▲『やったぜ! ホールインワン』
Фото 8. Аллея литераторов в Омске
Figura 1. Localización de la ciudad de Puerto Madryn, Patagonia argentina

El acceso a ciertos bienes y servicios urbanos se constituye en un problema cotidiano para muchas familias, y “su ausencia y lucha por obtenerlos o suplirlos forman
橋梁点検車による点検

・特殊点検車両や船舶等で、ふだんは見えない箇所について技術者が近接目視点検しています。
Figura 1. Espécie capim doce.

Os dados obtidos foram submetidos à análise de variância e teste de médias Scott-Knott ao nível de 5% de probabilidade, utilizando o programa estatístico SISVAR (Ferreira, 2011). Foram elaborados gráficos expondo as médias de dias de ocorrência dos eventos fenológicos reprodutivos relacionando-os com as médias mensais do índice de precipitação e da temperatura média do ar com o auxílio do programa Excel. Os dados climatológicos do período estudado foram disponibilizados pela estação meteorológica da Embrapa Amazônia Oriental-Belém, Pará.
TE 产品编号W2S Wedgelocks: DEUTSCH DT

════════════════════

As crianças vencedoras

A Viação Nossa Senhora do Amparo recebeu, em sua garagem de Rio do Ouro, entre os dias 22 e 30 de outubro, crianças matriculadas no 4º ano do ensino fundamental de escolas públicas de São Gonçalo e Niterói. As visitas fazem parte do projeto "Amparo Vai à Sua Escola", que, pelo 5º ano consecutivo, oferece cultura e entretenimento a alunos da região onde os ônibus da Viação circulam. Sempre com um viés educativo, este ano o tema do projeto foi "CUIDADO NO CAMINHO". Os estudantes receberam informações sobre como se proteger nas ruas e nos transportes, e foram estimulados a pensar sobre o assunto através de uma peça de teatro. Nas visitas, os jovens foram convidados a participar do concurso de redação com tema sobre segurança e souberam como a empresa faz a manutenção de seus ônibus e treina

════════════════════

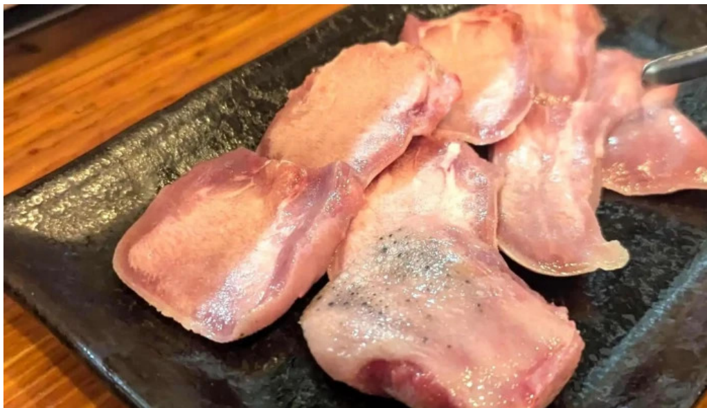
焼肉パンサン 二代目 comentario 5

════════════════════

### TASK PROMPT
The lines above that hold the string "Figura" are to be located and copied.

### SOLVED EXERCISE
Figura 1. Localización de la ciudad de Puerto Madryn, Patagonia argentina
Figura 1. Espécie capim doce.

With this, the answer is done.